Thanks for that Jogguk Like you say, nothing much on 15" rims. There doesn't seem to be a grippy block tread that has the carrying capacity needed by most motorhomes. Back in the 1960's there used to be a tyre produced by Firestone called "Town & Country" which had remarkably good grip, but |I suspect the load index was not too impressive, just like it's modern day counterparts.


----------



## winchman (Sep 9, 2010)

Being from the off roading world I can tell you wet grass can be very difficult and embarrasing when you habe your modded off roader stuck LOL
I now use these Marix Pumas
http://www.marix.it/prodotti_dettaglio_eng.php/idcat=22/idsottocat=56/id=14/lingua=1
Fantastic on grass and off road, very good last winter in the snow and ice.
They are very quiet too, often good off road tyres are very noisy.
They do a good assortment of 15" too most Suzuki owners fit them
I pay £50 each inc P+P from here
http://www.sowdentyres.co.uk/


----------



## Tco (Sep 9, 2010)

Thanks for that too. Same problem of course, LI is only 100 which equates 800Kg/tyre. They look nice and grippy though, I see the reccommendation is they spend 80% of their time off road and 20% on metalled surfaces.

Tco


----------



## winchman (Sep 10, 2010)

Tco said:


> I see the reccommendation is they spend 80% of their time off road and 20% on metalled surfaces.
> 
> Tco


Most off roaders who use these do so as they perform just like a road tyre on the road, the life is shorter though.
On my Vitara they drive like road tyres but in the mud and snow they are excellent.
Give Sowden tyres a call, its a husband and wife outfit who are very helpful and Mark really knows his stuff, they have very good customer service and will help out even if they cant sell you something I have known them put a lot of effort in to helping people as they believe you may one day come back.


----------



## Tco (Sep 10, 2010)

Thanks for that but if you read back you will see that I have fitted Vredesteins so they will hopefully last for at least another five years.


----------



## winchman (Sep 10, 2010)

Tco said:


> Thanks for that but if you read back you will see that I have fitted Vredesteins so they will hopefully last for at least another five years.

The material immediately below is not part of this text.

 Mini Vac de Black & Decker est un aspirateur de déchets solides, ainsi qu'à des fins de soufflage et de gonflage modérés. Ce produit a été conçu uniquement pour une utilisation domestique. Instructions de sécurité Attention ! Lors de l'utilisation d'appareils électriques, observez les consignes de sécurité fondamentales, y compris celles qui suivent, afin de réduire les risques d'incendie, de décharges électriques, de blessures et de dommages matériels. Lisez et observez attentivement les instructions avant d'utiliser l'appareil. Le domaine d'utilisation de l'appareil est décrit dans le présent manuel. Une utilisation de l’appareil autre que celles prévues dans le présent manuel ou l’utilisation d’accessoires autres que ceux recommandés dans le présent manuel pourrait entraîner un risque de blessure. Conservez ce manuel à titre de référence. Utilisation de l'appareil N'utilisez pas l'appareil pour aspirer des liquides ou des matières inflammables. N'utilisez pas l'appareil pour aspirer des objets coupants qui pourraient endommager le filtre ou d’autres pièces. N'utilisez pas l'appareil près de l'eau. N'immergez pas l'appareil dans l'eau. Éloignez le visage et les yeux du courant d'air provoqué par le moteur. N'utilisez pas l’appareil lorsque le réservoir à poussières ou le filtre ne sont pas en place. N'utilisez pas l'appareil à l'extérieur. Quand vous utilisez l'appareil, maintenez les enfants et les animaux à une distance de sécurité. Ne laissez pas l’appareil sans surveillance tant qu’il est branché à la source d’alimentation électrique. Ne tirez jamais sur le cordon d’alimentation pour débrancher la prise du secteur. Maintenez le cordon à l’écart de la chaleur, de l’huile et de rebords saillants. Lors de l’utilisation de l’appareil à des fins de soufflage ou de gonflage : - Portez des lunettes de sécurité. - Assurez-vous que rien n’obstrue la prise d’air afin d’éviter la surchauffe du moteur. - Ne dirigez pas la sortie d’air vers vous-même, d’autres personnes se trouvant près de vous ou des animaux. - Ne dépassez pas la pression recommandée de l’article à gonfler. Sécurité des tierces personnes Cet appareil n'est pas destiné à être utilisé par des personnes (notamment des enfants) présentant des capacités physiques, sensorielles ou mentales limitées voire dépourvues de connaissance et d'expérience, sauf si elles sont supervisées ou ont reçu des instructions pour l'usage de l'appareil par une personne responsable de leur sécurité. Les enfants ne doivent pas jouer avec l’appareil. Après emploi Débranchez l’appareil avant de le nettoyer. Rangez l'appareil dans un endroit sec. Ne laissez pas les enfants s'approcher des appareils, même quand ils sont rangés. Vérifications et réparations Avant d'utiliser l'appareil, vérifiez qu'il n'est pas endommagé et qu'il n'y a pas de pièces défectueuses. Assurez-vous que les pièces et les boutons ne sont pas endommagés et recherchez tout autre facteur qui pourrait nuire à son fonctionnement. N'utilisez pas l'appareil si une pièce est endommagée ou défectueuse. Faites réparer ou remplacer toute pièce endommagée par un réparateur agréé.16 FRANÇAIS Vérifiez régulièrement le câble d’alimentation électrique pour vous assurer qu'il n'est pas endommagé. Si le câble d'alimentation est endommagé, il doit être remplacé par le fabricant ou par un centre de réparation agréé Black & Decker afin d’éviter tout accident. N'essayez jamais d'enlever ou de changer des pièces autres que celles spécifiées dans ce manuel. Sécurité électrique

I did see that, I have them them on one of my trailers and they are very good, but I found them hard to find?
Just giving you the Sowden link for future.


----------



## Croftland1 (Sep 10, 2010)

In answer to the original question, yes I have used my snow chains on grass and they were extremely effective. Despite gentle persuasion and forward/backward rocking, the tyres had broken traction one at a time and dug a very slight depression in the soft ground, giving no chance of self recovery without extra grip. I fitted the chains and drove straight out, no messing. The secret is still low revs and patience: if you rev the arse out of it, you will obviously just dig yourself in deeper.
The nuisance part of using chains on grass is washing all the clart and grass roots out of the chain links afterwards!!


----------



## Kontiki (Sep 13, 2010)

Only tried snow chains when we lived in the USA & that was on snow. The ones we had were awkward to fit & even worse to get off . I have a nice button on my dash for snow &  mud, all I can say is it has got us out of trouble a few times on mud. Not too sure what it does but it engages 2nd gear (it's a 6 speed automatic)  & I think it is some kind of limited slip diff. all I can say is I'm thankful I've got it.


----------



## Zozzer (Sep 18, 2010)

John Thompson said:


> The yellow pads are OK if you put them under the wheels as you park to help stop the drive wheels sinking into the ground.  They also give some traction to get you moving.  If you haven't got enough momentum to keep going once off them, then it's other methods as they are no good once you are stuck.
> 
> John


 
I'm a firm believer of parking up on the yellow pads if the ground apears soft or wet, and if gentle on the throttle you shouldn't any problems moving.  Where some people fall down is stopping well before they have reached more solid ground.  I wouldn't go anywhere without my Fammia mud grips.


----------



## Norris (Sep 19, 2010)

Croftland1 said:


> In answer to the original question, yes I have used my snow chains on grass and they were extremely effective. Despite gentle persuasion and forward/backward rocking, the tyres had broken traction one at a time and dug a very slight depression in the soft ground, giving no chance of self recovery without extra grip. I fitted the chains and drove straight out, no messing. The secret is still low revs and patience: if you rev the arse out of it, you will obviously just dig yourself in deeper.
> The nuisance part of using chains on grass is washing all the clart and grass roots out of the chain links afterwards!!


 
Thanks for taking the time to reply and thanks for being direct, I think I will try a pair, best regards.


----------



## mick dundee (Sep 20, 2010)

Spikes Spiders have saved me from a tow at a few festivals (mate had to wait for gandalph's tractor at Knockengorroch). Found it essential to put on before parking up. As with earlier posts don't gun it our your chains will suffer and you could lose some rubber tread.

PS: I do not condone theft so if you can _source_ some plastic bread baskets with the lattice type base, cut out the base and use them as an alternative to the fiamma type grips, they work well and I used them to help some stranded vans get moving this winter in the ski centre car parks.


----------